Goodell’s kingdom is flourishing

At the commissioner’s annual “State of the Union” address last year at the Super Bowl in Dallas, Roger Goodell stood in front of a room of starving reporters, each one eager to feast on a host of pressing league issues.

With the dark clouds of a looming lockout hovering over his head, NFLPA Ppesident DeMaurice Smith holding equally attended press conferences each day and a pending Super Bowl ticket fiasco ahead, Goodell fended off reporters’ queries like Reggie Bush evading tacklers.

If last year’s Super Bowl Friday news conference was a scene from a bloodthirsty jungle, this year’s was a landscape Photoshopped right from a beach. Soft questions, respected reporters from cities across the country essentially begging King Roger to bless their town with Super Bowls of their own, and a smiling — almost jovial — Goodell made for what has to go down as one of easiest “State of the Union” news conferences a commissioner’s ever presided over.

Any why wouldn’t it be easy?

King Roger’s got it pretty good these days.

In a matter of 12 months, the league went from being an overstuffed rocky ship on choppy waters to the most successful American business not named Facebook. Locked up with labor peace and record TV contracts for the next 10 years, the NFL is in incredible shape. The league’s never made more money, and that faucet doesn’t seem to be stopping any time soon. Players are happy, owners are happy, the TV networks are happy, the fans are happy and, hell, the commissioner seems downright cheery.

So on Friday, a week after a glowing "60 Minutes" profile left America wondering why Roger Goodell wasn’t in the running for the US presidency in 2012, the commissioner handled questions around looming “issues” with ease.

Safety issues? “Safety is the No. 1 priority in the NFL. In the recent collective bargaining agreement, we committed over $1 billion to retired players, including over $600 million just to The Legacy Fund for improvements in pensions. We continue to address medical issues and we will not quit. We are not done yet.”
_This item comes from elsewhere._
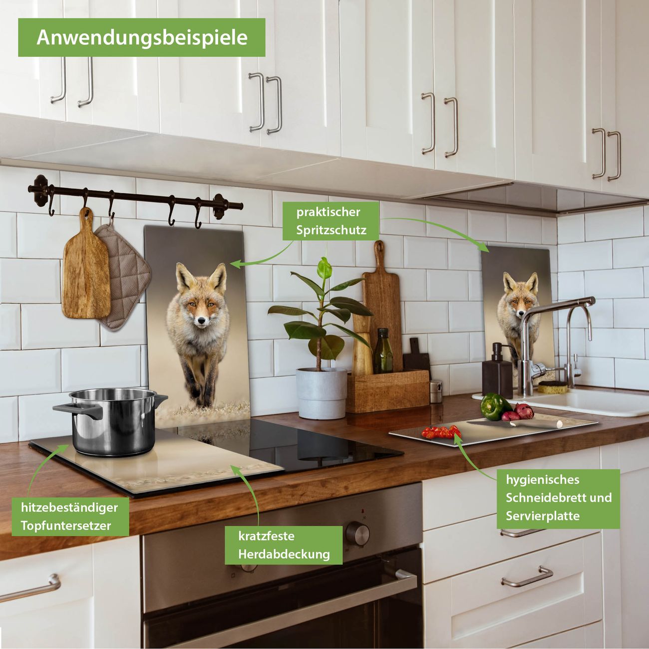 VIELSEITIG: Die Ceranfeldabdeckung ist vielseitig einsetzbar: ob als Spritzschutz hinter dem Herd für Ihre Küche oder als Glas Schneidebrett als hygienische und geruchsneutrale Unterlage. Sie können ebenfalls heiße Töpfe und Pfannen bis 100°C auf der Herdplattenabdeckung abstellen. Sie erhalten ein Multitalent für Ihre Küche. Die banjado Herdabdeckplatte aus Glas mit Motiv Rosalie verdeckt mit einem schönen Motiv Ihr Ceranfeld bzw. Ihren Induktionsherd. Die Herdabdeckplatte ist vielseitig einsetzbar und passt sich dabei Ihrem Einrichtungsstil an. DESIGN: Die Herdabdeckung Rosalie besteht aus hochwertigem, gehärtetem Glas mit einem unserer zahlreichen Motive. Sie haben die Wahl zwischen verschiedenen Maßen von einteiligen, zweiteiligen und einer dreiteiligen Herdabdeckung. Wählen Sie was zu Ihrer Einrichtung passt! DETAILS: Die Herdabdeckplatte ist vielseitig einsetzbar. Die Ecken sind für mehr Sicherheit dezent abgerundet, das Glas ist gehärtet. Sie erhalten separate Gummi Abstandshalter, damit Ihre Abdeckung rutschfest auf dem Herd steht. Diese können Sie frei positionieren, sodass die Herdabdeckung perfekt auf Ihrem Ceranfeld sitzt. BANJADO: Wir sind ein kleines Team aus dem Herzen von Sachsen und fertigen jeden Artikel nach Bestellung eigens für Sie an. Sie erhalten also keine preiswerte Importware, sondern Handarbeit. Auf Wunsch sind auch andere Farben und Größen möglich, kontakierten Sie uns gern.

Concussions? “When I was in high school, I suffered a concussion playing baseball. The treatment was simply flashing a flashlight in my eye. What we’ve done now is made this into a significant issue and a serious issue that needs to be tended to. And not just football but all sports. We’re sharing our information and our data with the United States military, where they’re treating concussions and it’s a huge issue for the military.”

The much-discussed 18-game season? “We agreed that we’d make that decision with the players. We respect their decision on it. We’ll make that decision collectively.”
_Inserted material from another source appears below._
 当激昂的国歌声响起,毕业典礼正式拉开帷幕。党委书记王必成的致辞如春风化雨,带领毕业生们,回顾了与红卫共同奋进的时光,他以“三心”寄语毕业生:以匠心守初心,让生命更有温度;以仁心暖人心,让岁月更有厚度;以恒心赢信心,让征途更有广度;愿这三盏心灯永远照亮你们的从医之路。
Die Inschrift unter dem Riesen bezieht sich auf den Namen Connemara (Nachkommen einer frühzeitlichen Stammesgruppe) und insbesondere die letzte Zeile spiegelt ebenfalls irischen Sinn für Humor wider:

Some of the other hot-button “issues” raised Friday were the current state of the trading deadline (“I do not recommend we make any changes”), Miami getting another Super Bowl down the road (“It’s a great place to have a Super Bowl.”) and a new San Diego stadium (“I hope so”). Not exactly the types of issues that will keep a man up at night.

Let’s face it: Things are good for the NFL these days. Very, very good.

Though critiqued heavily in media circles when originally announced, fans willingly bought tickets to Tuesday’s Super Bowl Media Day at Lucas Oil Stadium. And guess what? They loved it. One young fan with whom I spoke Thursday said he got to wear a headset and bounce from the audio of one podium to the next for the full three hours. “It was awesome. I got to watch it all and listen in on what I wanted to hear.”

For the first time ever, fans have access to Radio Row at the Super Bowl. Fans got to walk among the likes of Greg Jennings, Clay Matthews and Drew Brees on Friday afternoon at the JW Marriott, interacting and engaging with their favorite players in a very real and very personal way. Jim Rome, Rich Eisen and other nationally recognized TV personalities exchanged waves and hellos with fans on set.

Everyone is laughing and smiling everywhere in Indianapolis this week. From the commissioner to the players to the bevy of network executives swirling around town, it’s almost unsettling just how pleased everyone is.

The TV ratings are as high as they’ve ever been, the game has become an ATM in which every party involved has a working PIN, and the future appears to be getting only brighter. Goodell announced Friday that the NFL Network would be adding five more Thursday night games, ensuring all 32 teams play in prime time at least once during the NFL season. There’s going to be a new Spanish-language "NFL RedZone" channel next season, too.

Is there a tipping point? A moment down the road where the NFL simply overextends and outsizes its own product? If so, I don’t see it. The fans want their football, the fans are getting their football — and they’re getting their football in a million ways from a multitude of platforms. The more the better. Feed the beast.

It’s amazing to think how drastically different things are in Indianapolis this week than they were in snowy Dallas a year ago. The sun is shining, everybody’s smiling, and there’s nothing but blue skies up ahead.

King Roger’s enjoying himself. And there’s no reason he shouldn’t.